KLC to help shine light on changes to classifications

Frankfort, Ky. —

The Kentucky League of Cities (KLC) has prepared a fact sheet to help city officials and citizens understand voluminous House Bill 331 that does away with arbitrary classification of cities established by the 1891 Kentucky constitution.
Effective January 1, 2015, HB 331 creates two classes of cities based on the form of government. Louisville will be a first-class city and all the rest, including the five municipalities in Pulaski County, will be home rule cities.
Somerset, Burnside and Ferguson have mayor-council forms of government; Eubank and Science Hill have mayor-commission forms of government. The legislation does not require any city to make changes in its form of government. Any change would be subject to a vote in cities wanting to change.
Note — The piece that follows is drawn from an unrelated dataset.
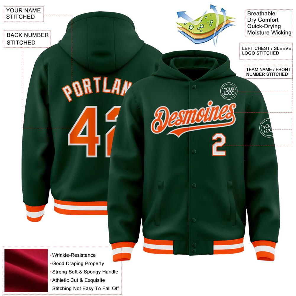 Custom Green Orange-White Bomber Full-Snap Varsity Letterman Hoodie Jacket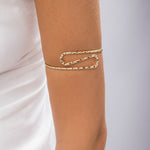 Everlasting jewelry you can depend on. The Gold molten arc arm bangle features a fluid, sculptural design that curves gracefully around the arm, embodying modern elegance with an artistic edge. Wear it alone as a bold statement or pair it with our Golden sculpted cuff ring.

Home rule authority, given to cities in 1980, will be a bigger player under provisions of HB 331. Cities in Kentucky currently have the power to govern within their boundaries without specific legislation authorizing each particular function. Before 1980, cities had to rely almost exclusively on the General Assembly to authorize various functions. With home rule, cities can function in any way that does not directly conflict with state or federal law.
  HB 331 is drafted in a manner that makes every effort to do no harm to any individual city by not expanding mandates currently applicable to certain classes of cities, and by not removing authority from any individual city that it possessed due to its classification, said KLC. The complex legislation was developed over two years by a task force of city officials headed by KLC president and Midway Mayor Tom Bozarth.
  “For too long, city governments struggled with restrictions and red tape from an outdated classification system,” KLC said. More than a third of Kentucky cities have a classification that does not match population requirements.
  Sen. Chris Girdler, R-Somerset, who supported and voted for HB 331, said the measure “levels the playing field” for small rural cities in Kentucky. “It doesn’t give advantages to certain cities because of class,” he said.